Bug #45880 OUTER JOINed tables with no condition in WHERE must be at the end of explain
Submitted: 1 Jul 2009 14:21
Reporter: Andrii Nikitin Email Updates:
Status: Verified Impact on me:
None 
Category:MySQL Server: Optimizer Severity:S3 (Non-critical)
Version:5.0, 5.1 OS:Any
Assigned to: Sergei Glukhov CPU Architecture:Any
Triage: Triaged: D3 (Medium) / R3 (Medium) / E2 (Low)

[1 Jul 2009 14:21] Andrii Nikitin
Description:
If query has:
- table in OUTER JOIN 
- there is no filter condition for that table

Then this table must be last in join order: otherwise it is possible that some rows retrieved from this table will be discarded in further filtering, i.e. we fetched more rows than was needed. 
At the same time retrieving unnecessary rows doesn't give any advantage.

How to repeat:
Problem observed in both 5.0 and 5.1 but in 5.0 performance difference not so big.
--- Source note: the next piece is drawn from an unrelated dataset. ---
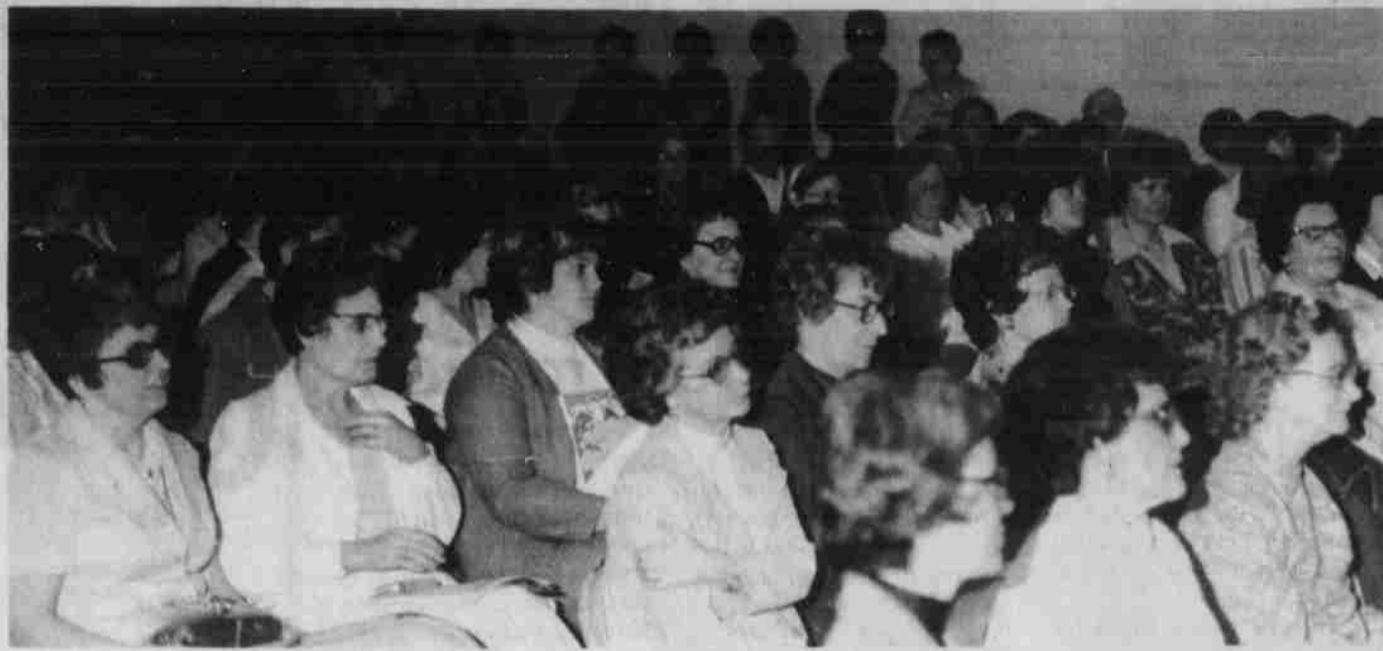
More than 100 persons participated in a program on wheat products in Heppner April 4. Part of the attentive crowd is shown here viewing demonstrations planned by Morrow County Wheathearts, Morrow County Extension Service and the Oregon Wheat Commission.

'Getting your breads together' program termed success

This is simplified example while in real life difference may be 4min vs 2sec (120x times).

1. Load sakila database 
http://downloads.mysql.com/docs/sakila-db.zip

2. See explain plan for query with LEFT JOIN and no condition on tables f, fc, c:
explain SELECT SQL_NO_CACHE -- STRAIGHT_JOIN
c.name AS category
, SUM(p.amount) AS total_sales
FROM rental AS r
JOIN payment AS p ON p.rental_id = r.rental_id
JOIN inventory AS i ON r.inventory_id = i.inventory_id
LEFT JOIN film AS f ON i.film_id = f.film_id
LEFT JOIN film_category AS fc ON f.film_id = fc.film_id
LEFT JOIN category AS c ON fc.category_id = c.category_id
WHERE p.amount > 10
and r.rental_date < "2005-06-22"
GROUP BY c.name;

See that some of tables f, fc, c are joined before p and r

3. Execute queries:
flush status;

SELECT SQL_NO_CACHE -- STRAIGHT_JOIN
c.name AS category
, SUM(p.amount) AS total_sales
FROM rental AS r
JOIN payment AS p ON p.rental_id = r.rental_id
JOIN inventory AS i ON r.inventory_id = i.inventory_id
LEFT JOIN film AS f ON i.film_id = f.film_id
LEFT JOIN film_category AS fc ON f.film_id = fc.film_id
LEFT JOIN category AS c ON fc.category_id = c.category_id
WHERE p.amount > 10
and r.rental_date < "2005-06-22"
GROUP BY c.name;

show status like "ha%";

flush status;

SELECT SQL_NO_CACHE STRAIGHT_JOIN
c.name AS category
, SUM(p.amount) AS total_sales
FROM rental AS r
JOIN payment AS p ON p.rental_id = r.rental_id
JOIN inventory AS i ON r.inventory_id = i.inventory_id
LEFT JOIN film AS f ON i.film_id = f.film_id
LEFT JOIN film_category AS fc ON f.film_id = fc.film_id
LEFT JOIN category AS c ON fc.category_id = c.category_id
WHERE p.amount > 10
and r.rental_date < "2005-06-22"
GROUP BY c.name;

show status like "ha%";

4. See that query with STRAIGHT_JOIN executes in 0.04 sec while optimizer chooses plan which executed in 0.16 sec (4x times difference).

ha% counters:
Handler_read_key	29042
Handler_read_next	57346
vs:
Handler_read_key	7146
Handler_read_next	13908

Suggested fix:
Check if OUTER joined table has no condition in WHERE and place it to the end of JOIN order.